While operating under a lobbying ban, newly minted K Streeters can still provide behind-the-scenes counsel to clients, and they could easily take part in some of next year’s most notable activities such as fundraising and the presidential nominating conventions. But former top Senate aides are prohibited from lobbying the entire chamber for 12 months.
“There is no doubt that it is smart for firms, depending on their growth needs, to hire into the election. They are gaming it out right now,” said Alex Vogel, a former top Senate aide who is now a partner with Mehlman Vogel Castagnetti. “There is demand, real demand for senior Senate people and leadership folks in particular.”
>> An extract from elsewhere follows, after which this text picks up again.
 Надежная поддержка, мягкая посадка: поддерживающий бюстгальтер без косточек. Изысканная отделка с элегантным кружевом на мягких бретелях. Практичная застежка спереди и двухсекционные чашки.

Some of the names atop K Street’s wish list, downtown sources say, include Rohit Kumar, who is deputy chief of staff to Senate Minority Leader Mitch McConnell (Ky.); McConnell’s leadership office chief of staff, Sharon Soderstrom, who is considered unlikely to decamp for the private sector; Wally Hsueh, minority staff director on the Senate Small Business and Entrepreneurship Committee; Jon Gans, deputy chief of staff and policy director for Senate Minority Whip Jon Kyl (Ariz.); and another senior McConnell leadership aide, John Abegg.
Mark Prater, a senior Finance Committee aide for Sen. Orrin Hatch (Utah) who served as staff director for the Joint Committee on Deficit Reduction, is another potential prospect that hiring managers would like to scoop up. And Matt Sonnesyn, the former chief of staff for Sen. Lamar Alexander (R-Tenn.), is said to be, according to sources, finalizing his future plans. The staffers either declined comment or did not return calls seeking comment.
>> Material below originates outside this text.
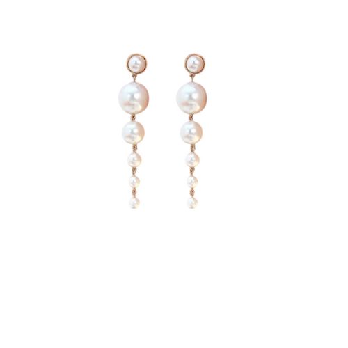 Boucles d’oreilles pendantes avec perles de différentes tailles blanches

Vogel and other downtown lobbyists noted that the staffers themselves are probably less concerned about the timing of their cooling-off periods and typically will opt to leave for the private sector based on their own personal or professional timelines.
But Sheila Krumholz, executive director of the nonpartisan Center for Responsive Politics, said many Hill aides keep their K Street prospects in mind.
“If your plan includes K Street, there might be some mutual interest in the timing,” she said. As for the firms, associations and corporate offices looking to make hires, she added that many want to have their teams in place even before next year’s election results come in. And many already made big investments in House-connected Republicans after the 2010 midterms.
“It’s not surprising that firms might be planning ahead and trying to pick out the people they’d like to lure away now so that they’re ready to roll in January 2013,” she said.
Some top K Street executives, though, cautioned that the Hill prospects may confront a relatively down lobby marketplace, even if it is better than the overall economy.
“A lot of the firms are tightening their belts,” one lobby shop owner said. But he added that in-house corporate shops “can afford to pick up a senior staffer and let them cool for a year.”
Adler said the senior Senate aides aren’t likely to find any problems fielding top salaries from K Street employers of any type.
“I don’t think their compensation will be negatively affected by the economy,” he said. “Political Washington is in another parallel when it comes to compensation.”